=== EXERCISE GOAL ===
Please copy exactly the part of the records below that opens with the line containing "[i]Das Berechnungsprogramm „Reisekosten" and closes with the line containing "The villa overlooks", leaving out any pictures.

-------- DATA EXCERPTS --------

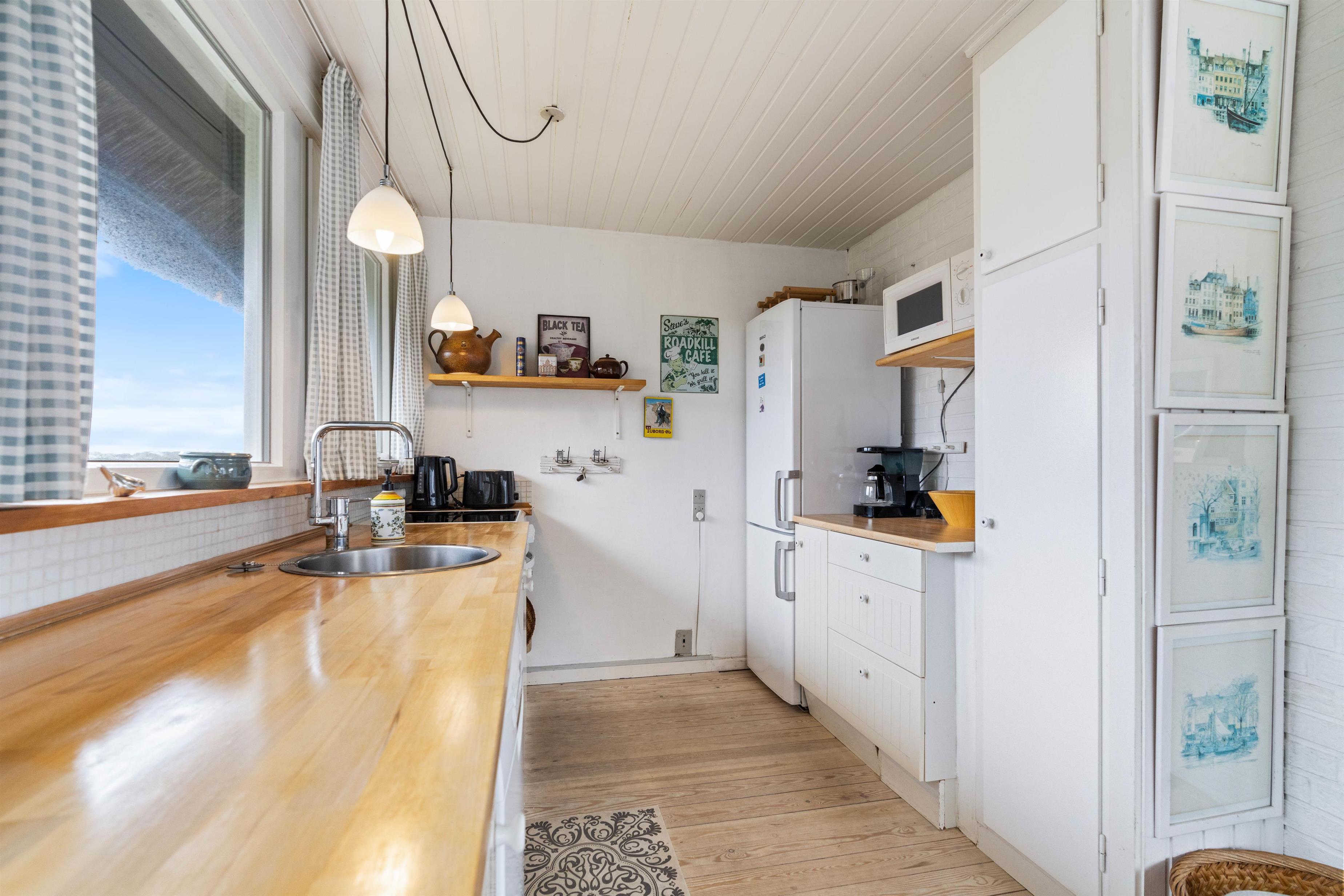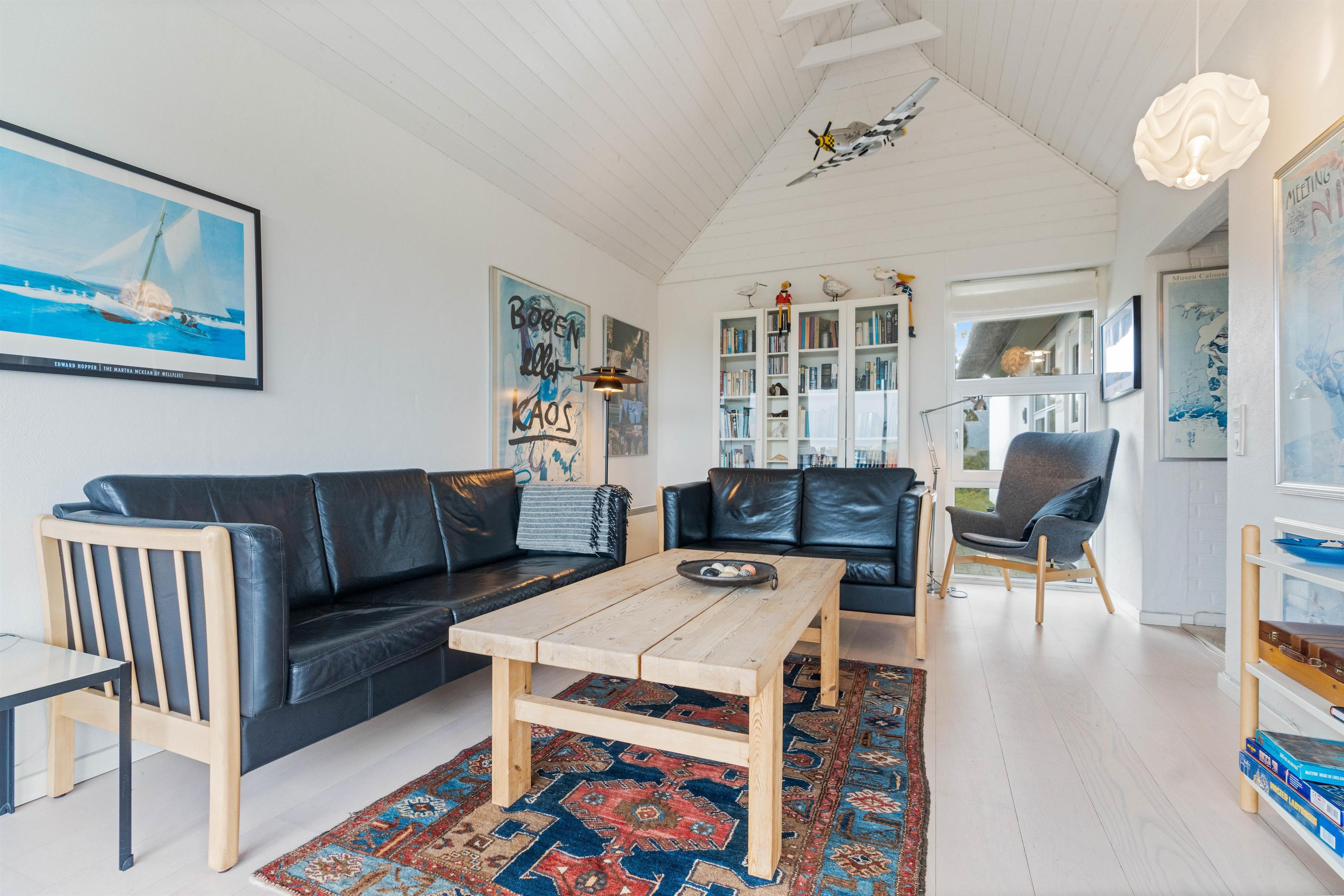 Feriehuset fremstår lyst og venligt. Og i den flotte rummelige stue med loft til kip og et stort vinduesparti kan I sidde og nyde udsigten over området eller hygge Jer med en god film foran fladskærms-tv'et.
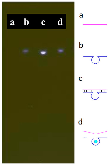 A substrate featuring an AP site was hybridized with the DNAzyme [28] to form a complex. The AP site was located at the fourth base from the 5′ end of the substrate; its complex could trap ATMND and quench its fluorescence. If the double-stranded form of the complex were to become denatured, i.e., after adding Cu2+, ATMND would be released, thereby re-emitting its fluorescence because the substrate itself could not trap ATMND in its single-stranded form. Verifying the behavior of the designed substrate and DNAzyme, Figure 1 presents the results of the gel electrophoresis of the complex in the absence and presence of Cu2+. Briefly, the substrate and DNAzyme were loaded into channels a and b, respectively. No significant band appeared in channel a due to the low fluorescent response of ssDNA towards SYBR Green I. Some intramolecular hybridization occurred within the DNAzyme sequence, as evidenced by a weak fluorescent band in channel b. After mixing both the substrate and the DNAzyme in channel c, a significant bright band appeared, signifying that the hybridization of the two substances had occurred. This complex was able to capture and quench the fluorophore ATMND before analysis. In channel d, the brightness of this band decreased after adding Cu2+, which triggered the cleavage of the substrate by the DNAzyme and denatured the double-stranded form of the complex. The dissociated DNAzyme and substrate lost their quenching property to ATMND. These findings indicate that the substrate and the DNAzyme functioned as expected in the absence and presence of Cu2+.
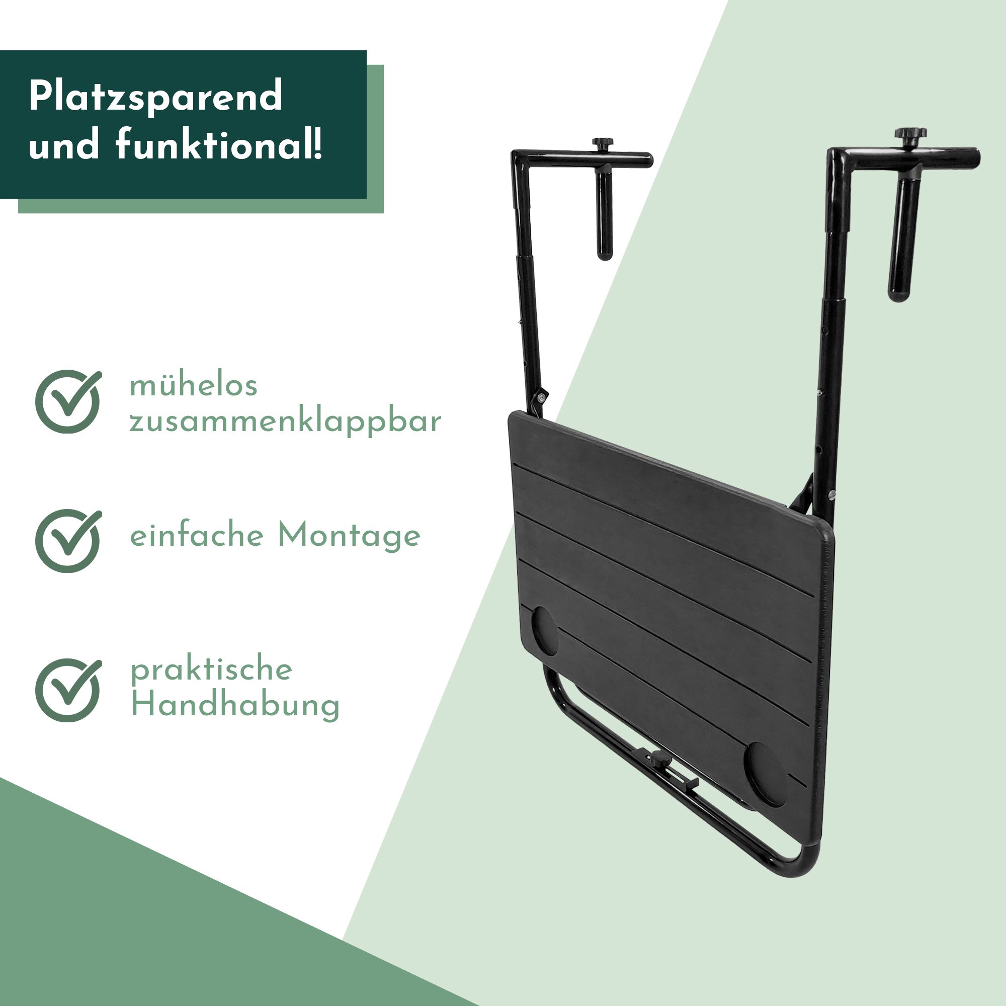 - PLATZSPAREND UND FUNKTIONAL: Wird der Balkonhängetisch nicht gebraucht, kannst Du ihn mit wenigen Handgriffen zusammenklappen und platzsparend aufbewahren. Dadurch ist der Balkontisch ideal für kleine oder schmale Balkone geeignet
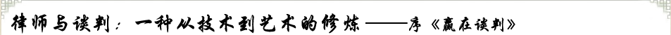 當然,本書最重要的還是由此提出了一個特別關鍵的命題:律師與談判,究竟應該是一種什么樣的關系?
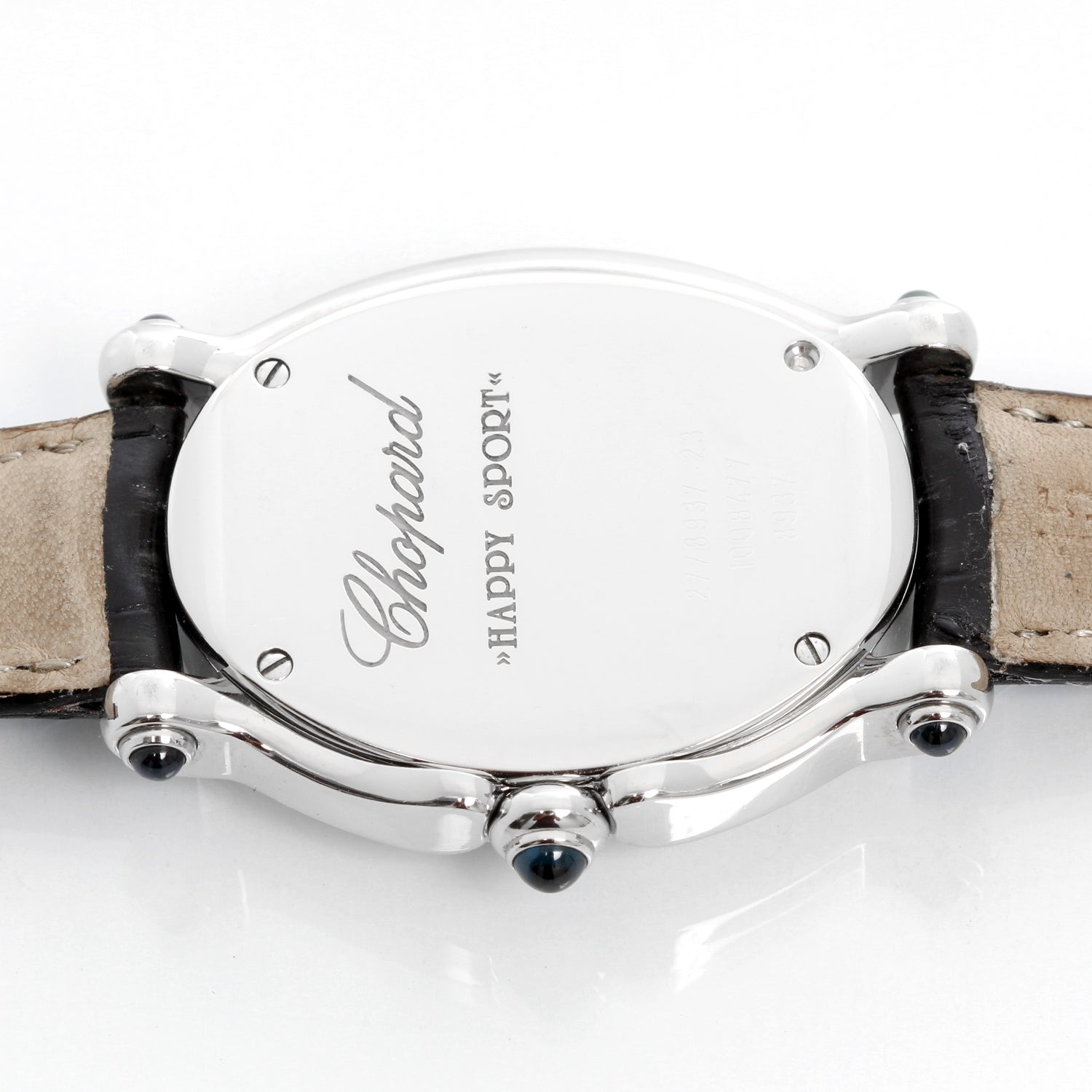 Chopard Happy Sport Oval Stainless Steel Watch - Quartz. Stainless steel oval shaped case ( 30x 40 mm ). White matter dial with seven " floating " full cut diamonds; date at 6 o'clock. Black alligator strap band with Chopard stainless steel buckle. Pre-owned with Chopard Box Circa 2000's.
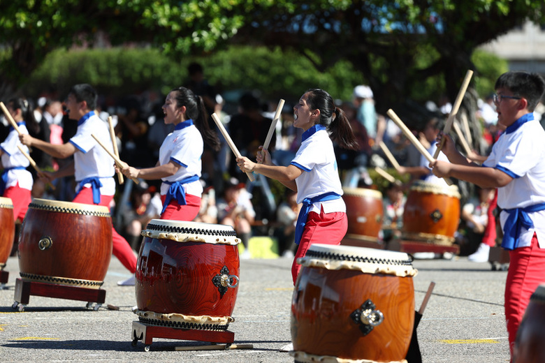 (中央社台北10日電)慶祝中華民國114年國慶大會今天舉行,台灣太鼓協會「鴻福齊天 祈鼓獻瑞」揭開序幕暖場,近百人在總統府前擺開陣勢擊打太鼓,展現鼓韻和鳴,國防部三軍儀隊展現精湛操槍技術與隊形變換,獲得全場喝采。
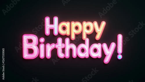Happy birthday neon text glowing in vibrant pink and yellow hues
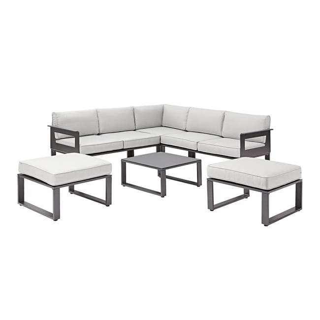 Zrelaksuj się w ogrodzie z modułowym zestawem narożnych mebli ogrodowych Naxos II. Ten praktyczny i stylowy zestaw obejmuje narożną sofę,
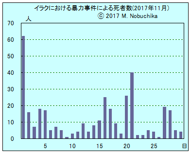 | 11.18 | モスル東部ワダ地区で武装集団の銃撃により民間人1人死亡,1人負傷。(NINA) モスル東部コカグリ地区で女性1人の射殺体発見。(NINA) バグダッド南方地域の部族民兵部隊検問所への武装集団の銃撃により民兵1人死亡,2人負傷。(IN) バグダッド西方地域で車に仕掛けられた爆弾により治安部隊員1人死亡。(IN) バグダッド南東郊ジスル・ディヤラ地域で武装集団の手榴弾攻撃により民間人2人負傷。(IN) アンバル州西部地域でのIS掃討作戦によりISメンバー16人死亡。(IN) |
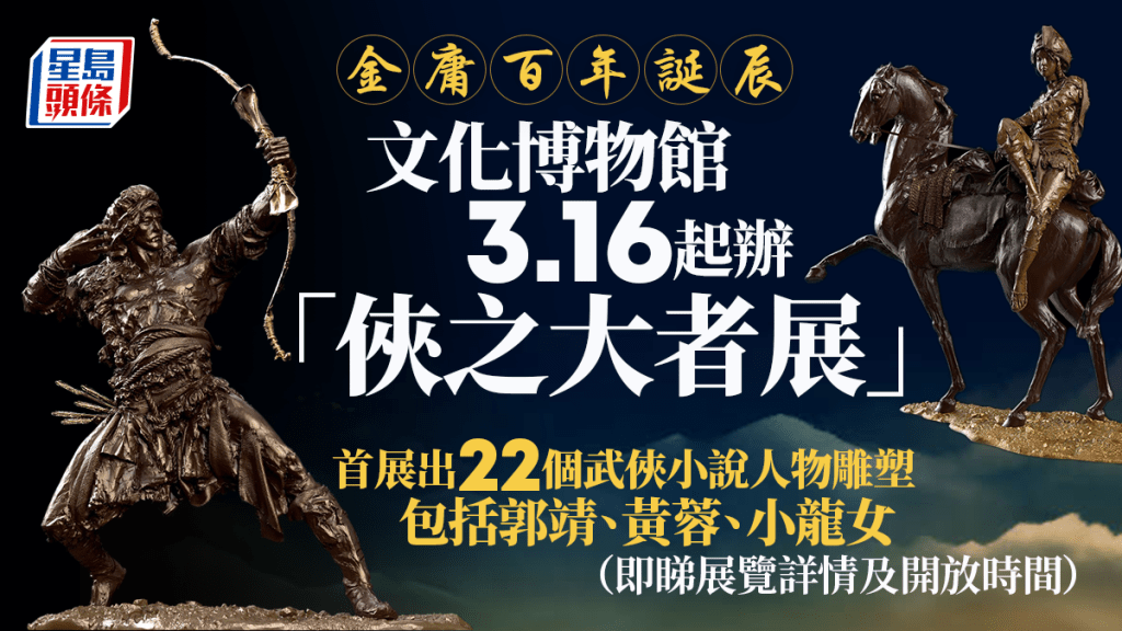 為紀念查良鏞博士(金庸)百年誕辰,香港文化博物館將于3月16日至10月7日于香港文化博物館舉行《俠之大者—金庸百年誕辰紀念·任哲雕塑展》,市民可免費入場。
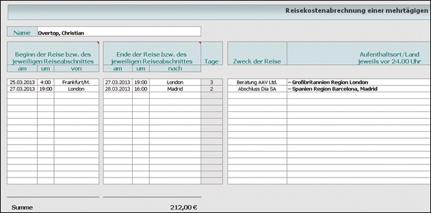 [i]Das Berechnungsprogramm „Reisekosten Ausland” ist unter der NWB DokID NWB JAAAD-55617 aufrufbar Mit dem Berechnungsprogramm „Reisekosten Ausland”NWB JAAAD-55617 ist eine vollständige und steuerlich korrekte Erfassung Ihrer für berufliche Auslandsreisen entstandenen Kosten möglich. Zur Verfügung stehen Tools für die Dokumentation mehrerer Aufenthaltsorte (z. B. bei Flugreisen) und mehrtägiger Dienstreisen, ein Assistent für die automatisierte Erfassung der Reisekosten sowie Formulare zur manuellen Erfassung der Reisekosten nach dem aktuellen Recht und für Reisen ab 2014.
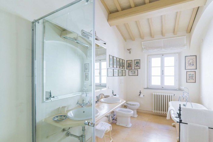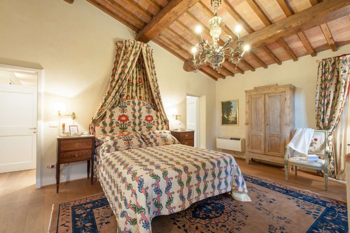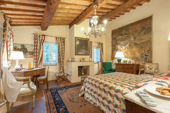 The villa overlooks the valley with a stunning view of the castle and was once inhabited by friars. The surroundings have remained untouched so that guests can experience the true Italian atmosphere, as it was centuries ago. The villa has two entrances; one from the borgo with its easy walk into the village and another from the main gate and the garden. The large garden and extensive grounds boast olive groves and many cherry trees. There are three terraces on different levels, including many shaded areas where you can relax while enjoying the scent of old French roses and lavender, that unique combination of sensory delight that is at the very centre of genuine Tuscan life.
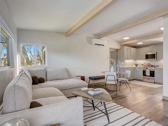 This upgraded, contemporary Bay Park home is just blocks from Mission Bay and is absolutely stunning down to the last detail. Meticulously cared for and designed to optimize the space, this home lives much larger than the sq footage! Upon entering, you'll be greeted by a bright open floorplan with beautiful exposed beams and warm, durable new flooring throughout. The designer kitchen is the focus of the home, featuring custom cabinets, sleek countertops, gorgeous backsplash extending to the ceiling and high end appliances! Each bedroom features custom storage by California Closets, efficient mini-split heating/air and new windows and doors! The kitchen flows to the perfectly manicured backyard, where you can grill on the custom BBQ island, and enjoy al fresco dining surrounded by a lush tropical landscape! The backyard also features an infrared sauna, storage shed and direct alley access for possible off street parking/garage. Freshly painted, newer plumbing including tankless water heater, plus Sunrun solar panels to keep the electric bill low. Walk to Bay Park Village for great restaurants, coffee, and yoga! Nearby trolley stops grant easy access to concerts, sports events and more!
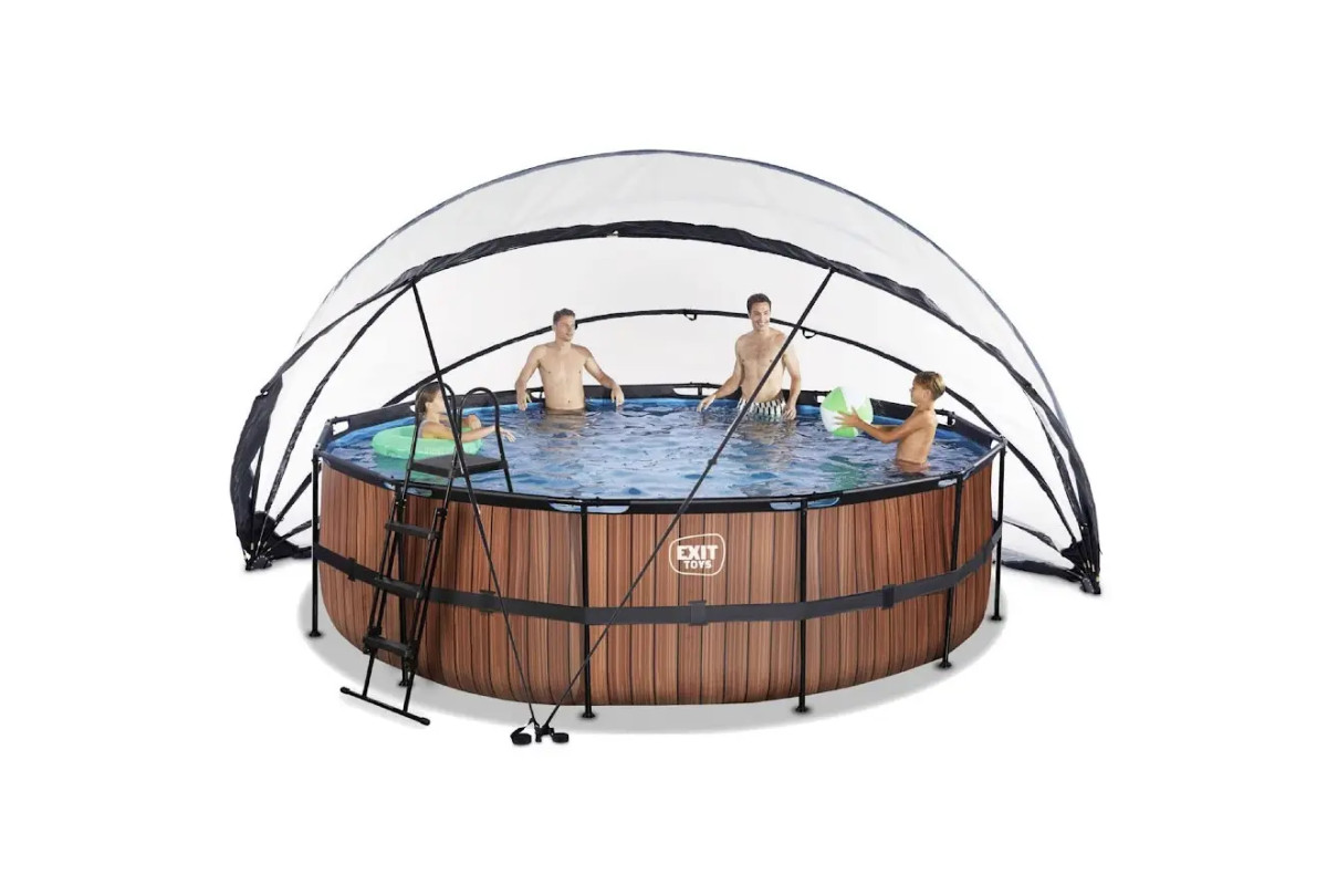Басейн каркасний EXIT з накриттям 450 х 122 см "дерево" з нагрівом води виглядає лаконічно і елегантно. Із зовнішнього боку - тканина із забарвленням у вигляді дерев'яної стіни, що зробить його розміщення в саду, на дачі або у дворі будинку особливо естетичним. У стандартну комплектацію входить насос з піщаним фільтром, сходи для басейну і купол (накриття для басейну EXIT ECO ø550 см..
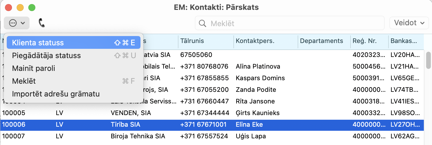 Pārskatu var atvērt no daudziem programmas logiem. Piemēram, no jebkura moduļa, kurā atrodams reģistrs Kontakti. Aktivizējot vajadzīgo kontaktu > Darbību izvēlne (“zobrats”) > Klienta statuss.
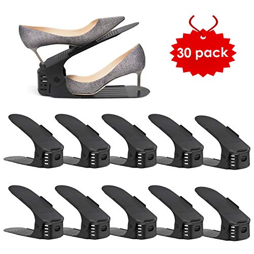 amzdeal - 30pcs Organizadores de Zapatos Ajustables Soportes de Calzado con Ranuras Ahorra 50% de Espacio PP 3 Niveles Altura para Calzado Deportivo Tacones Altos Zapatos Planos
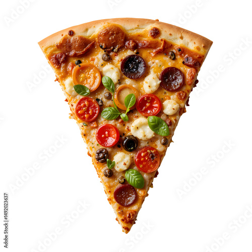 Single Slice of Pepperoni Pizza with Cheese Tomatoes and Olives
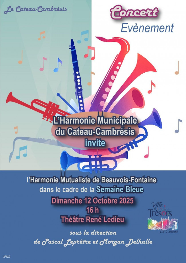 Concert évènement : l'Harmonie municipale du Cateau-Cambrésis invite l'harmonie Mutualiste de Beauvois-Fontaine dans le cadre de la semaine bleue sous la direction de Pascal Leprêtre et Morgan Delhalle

--------

=== TASK RESPONSE ===
 [i]Das Berechnungsprogramm „Reisekosten Ausland” ist unter der NWB DokID NWB JAAAD-55617 aufrufbar Mit dem Berechnungsprogramm „Reisekosten Ausland”NWB JAAAD-55617 ist eine vollständige und steuerlich korrekte Erfassung Ihrer für berufliche Auslandsreisen entstandenen Kosten möglich. Zur Verfügung stehen Tools für die Dokumentation mehrerer Aufenthaltsorte (z. B. bei Flugreisen) und mehrtägiger Dienstreisen, ein Assistent für die automatisierte Erfassung der Reisekosten sowie Formulare zur manuellen Erfassung der Reisekosten nach dem aktuellen Recht und für Reisen ab 2014.
 The villa overlooks the valley with a stunning view of the castle and was once inhabited by friars. The surroundings have remained untouched so that guests can experience the true Italian atmosphere, as it was centuries ago. The villa has two entrances; one from the borgo with its easy walk into the village and another from the main gate and the garden. The large garden and extensive grounds boast olive groves and many cherry trees. There are three terraces on different levels, including many shaded areas where you can relax while enjoying the scent of old French roses and lavender, that unique combination of sensory delight that is at the very centre of genuine Tuscan life.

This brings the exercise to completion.